Extensive studies have indicated that ROS play a crucial role in the proliferation of cancer cells. Abnormal accumulation of ROS may effects cell viability via damage some macromolecules, including peroxidation of membrane lipids, protein denaturation and DNA damage [20]. In this study, the obvious increase in the intracellular ROS level indicated that OPE induced suppression of HepG2 and SMMC-7721 cell viability partially by inducing ROS generation.
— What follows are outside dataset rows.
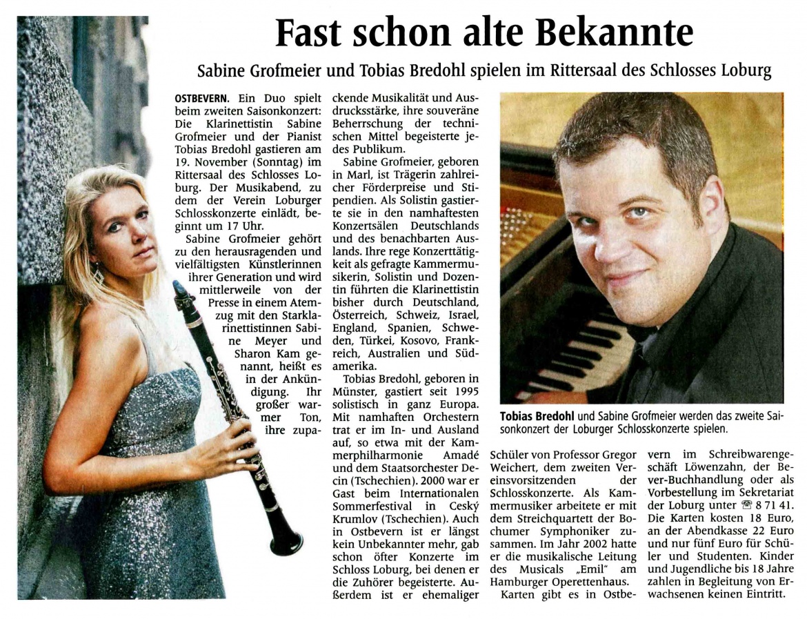 Sabine Grofmeier und Tobias Bredohl spielen im Rittersaal des Schlosses Loburg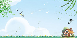 手绘柳树燕子草地春天背景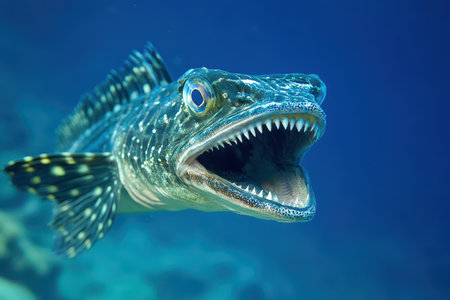 Underwater closeup of a predatory fish with open mouth, murky water, eerie lighting, detailed textures, natural habitat setting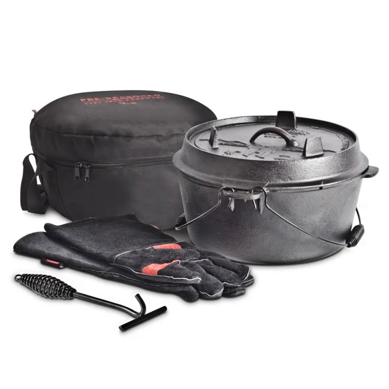 A 9QT pre-seasoned camp oven designed for durability. Comes with a reversible lid/skillet, storage bag, lid lifter, and leather gloves. Pre-seasoned with vegetable oil, it provides reliable performance for outdoor cooking.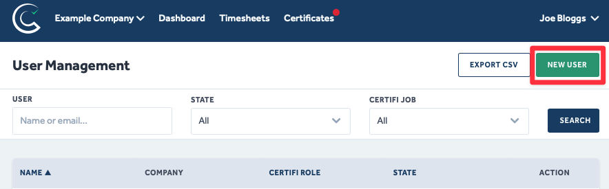 - Click on New User in the top right (in the current Certifi version, this is now a circle with 3 dots in it).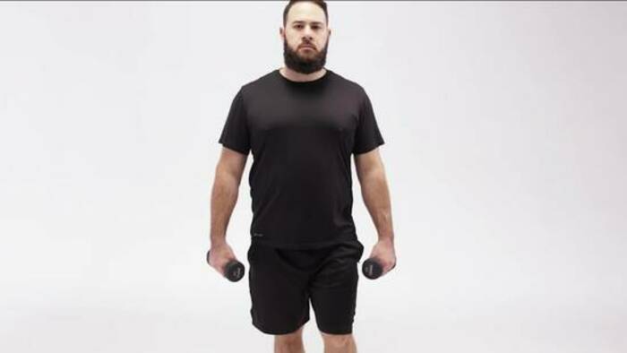 Standing Shoulder Flexion With Dumbbells With Thumbs Up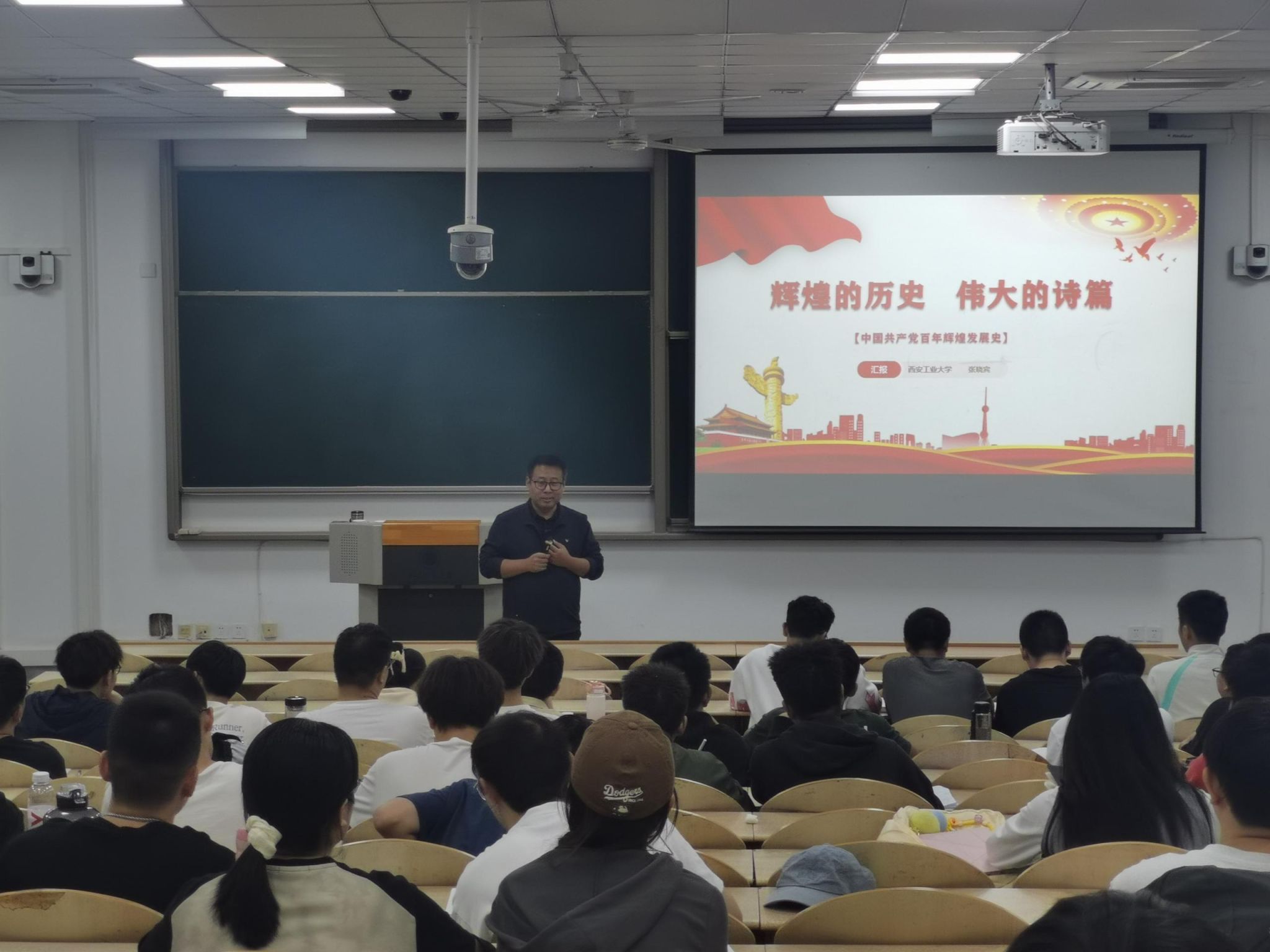 张晓宾将中国共产党的百年辉煌历史划分为六个部分进行讲解,分别是“中国共产党成立的背景与经过、新民主主义的伟大胜利、完成并推进社会主义建设、改革开放和社会主义现代化建设、开创中国特色社会主义新时代以及中国共产党奋斗百年的历史意义”。在讲解过程中,他以“党面临的主要任务”为切入点,深入浅出的讲解,引领大家深入的思考和学习。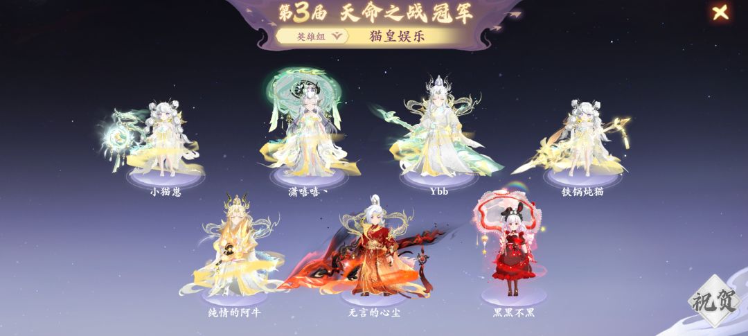 恭喜第三届天命之战的三支冠军队伍!也感恩每一位参战天命人的精彩表现~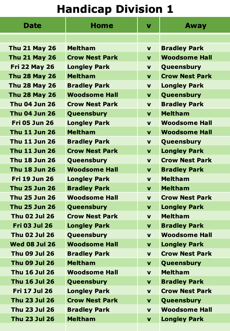 | 2025-05-29 17:30:00May 29, 2025 | Queensbury  | 2 - 6 | Longley Park | 17:30:0017:30 | Queensbury Golf Club |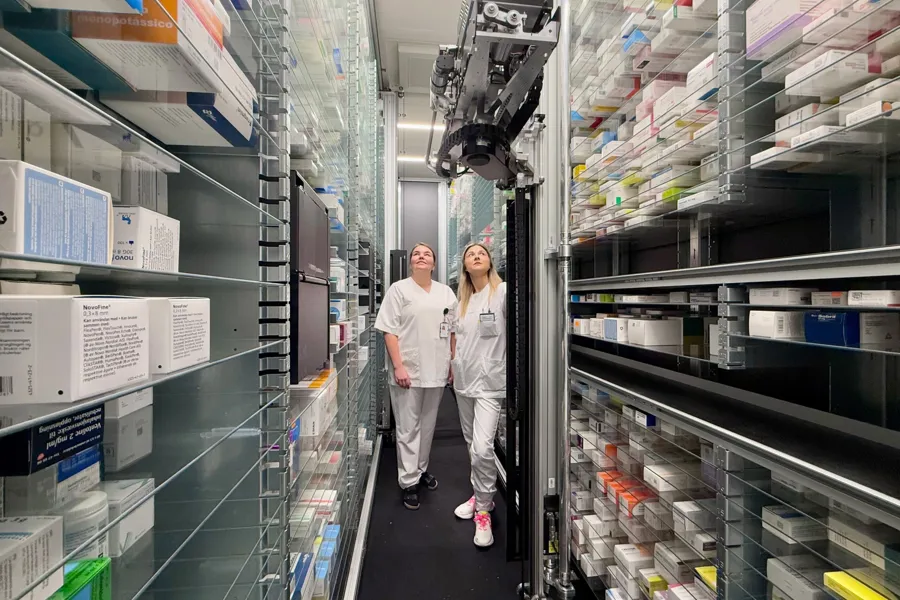 Sykehusapoteket er utstyrt med en avansert lagerrobot som revolusjonerer måten legemidler oppbevares og håndteres på.

The migratory and invasive ability are related to the metastatic potential of cancer cells, which contribute to cancer progression and poor outcomes of patients [36, 37]. In this study, we observed that OPE dose-dependently inhibited the migration and invasion of the HepG2 and SMMC-7721 cells, which concomitant with the decrease in the expression of MMP-2 and MMP-9. Additionally, OPE significantly repressed the phosphorylation of p65, indicating the OPE may exert its cytotoxic effect by downregulation of NF-κB signaling.

Conclusions

Our study demonstrated that OPE mediated cell growth suppression by inducing cell cycle arrest and enhancing apoptosis and ROS accumulation. In addition, OPE exhibited anti-migration and anti-invasion effects on liver cancer cells, which might be related to decreased expression of MMP-2 and MMP-9. Moreover, OPE had a suppressive effect to NF-κB signaling, which may contributed to the cytotoxic activity of OPE.